A first edition Catesby has been acquired by the University of South Carolina. Susan Gibbes Robinson, a leading Columbia, South Carolina educator and philanthropist, gave the rare, first edition copy of Mark Catesby’s The Natural History of Carolina, Florida, and the Bahama Islands to the university. The two volumes, published in London beginning in 1731, contain the works of the British naturalist (1683–1749) during his four-year journey through the American Southeast. The volumes contain 220 hand-colored copper-plate engravings of flora and fauna, with descriptions in English and French in parallel columns on the facing pages.

A collection of German composer Paul Hindemith’s (1895–1963) papers and memorabilia has been donated to the Gumberg Library at Duquesne University. The Hindemith collection consists of documents, photographs, articles, pamphlets, and books illustrating various aspects of Hindemith’s life.
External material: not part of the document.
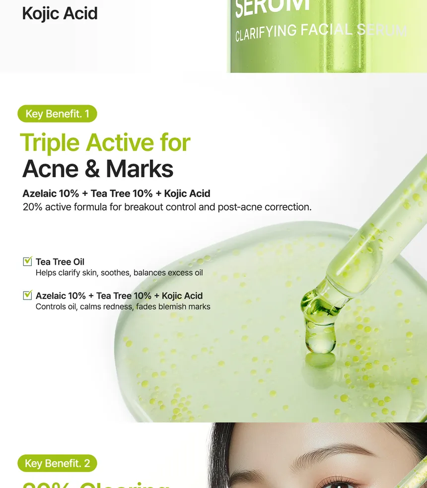 Azelaic Acid 10 Kojic Tea Tree Serum—the name itself speaks to a powerful, multi-active solution for challenging skin. This incredible clarifying facial serum is your go-to product for instant relief and long-term correction of blemishes, excess oil, and stubborn post-acne marks.

It also includes a large number of photocopied letters along with postcards Hindemith both sent and received. There are photographs of Hindemith at varying times of his life, including rare images of his childhood. Some original artwork, such as hand-made post cards and a puzzle he made as a gift, are unique items of the collection. A wooden panel from Karl Bauer’s (editor at the American branch of publisher B. Schott’s Söhne, Mainz) desk has special significance since Hindemith would carve an illustration in it each time they met at Bauer’s office.
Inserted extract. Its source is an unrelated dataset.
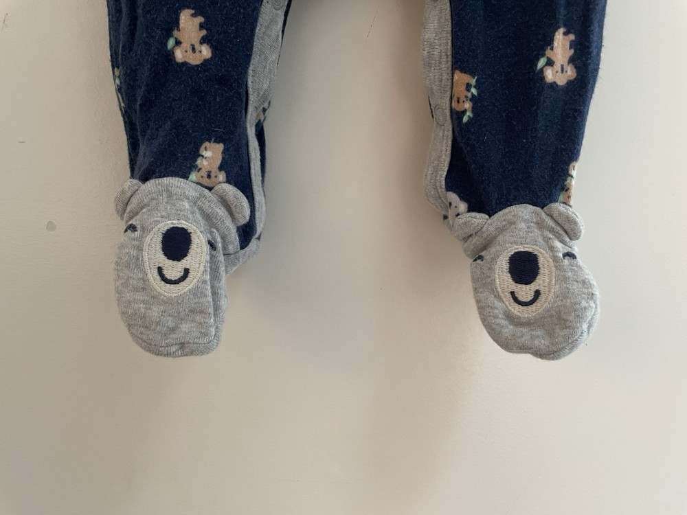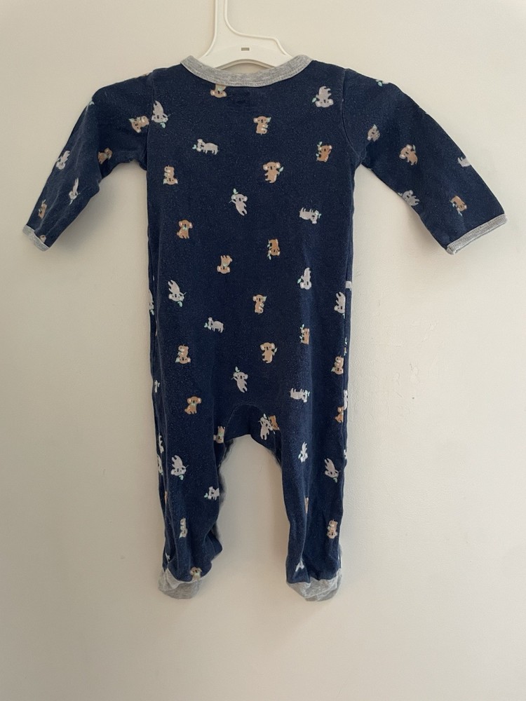 Carters Baby Boy Cute Koala 100% Cotton Long Sleeve Snap-Up Sleep & Play Navy 9M. Condition is pre-owned. Smoke free, pet free home. Shipped via USPS Ground Advantage. In good condition. Color is faded from use. Free of rips or stains.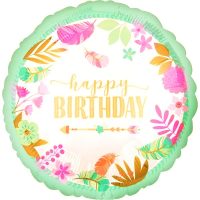 Μπαλόνι Happy Birthday με τροπικά φύλλα για καλοκαιρινή και χαρούμενη διακόσμηση πάρτι.

A collection of works by Thomas Merton—writer, poet, social critic, religious thinker, and monk—has been donated to the University of Arkansas Libraries-Fayetteville. Included in the collection are 156 first editions by Merton, 192 other Merton editions, and another 142 first-edition volumes written by scholars about Merton. The collection also includes essays, bibliographies, journals and issues of journals on Merton, and more than 100 recordings. Thomas Merton (1915–68) was the author of more than 70 books that include poetry, personal journals, collections of letters, and writings on social criticism, peace, justice, and ecumenism. Merton’s early education was in England and France; after a year at Cambridge University in England, he entered Columbia University in New York.He entered the Abbey of Gethsemani near Louisville, Kentucky, and was ordained a Catholic priest in 1949. Merton’s first published works were books of poetry, but it was the publication of his best-selling autobiographical Seven Storey Mountain (1948). From the publication of that book onward, Merton’s writings had a dramatic impact on social attitudes toward Christian spirituality—especially contemplative spirituality—during the 20th century. Works that reflect Merton’s keen interest in solitude and contemplation as an antidote to what he calls “the murderous din of our materialism,” include Seeds of Contemplation (1949) and The Silent Life (1957). Other works such as The Way of Chuang Tzu (1965) and Mystics and Zen Masters (1968) reflect his keen interest in Eastern philosophy and mysticism. Works such as Faith and Violence (1968) and The Nonviolent Alternative (1980) show his passionate stance against war and violence.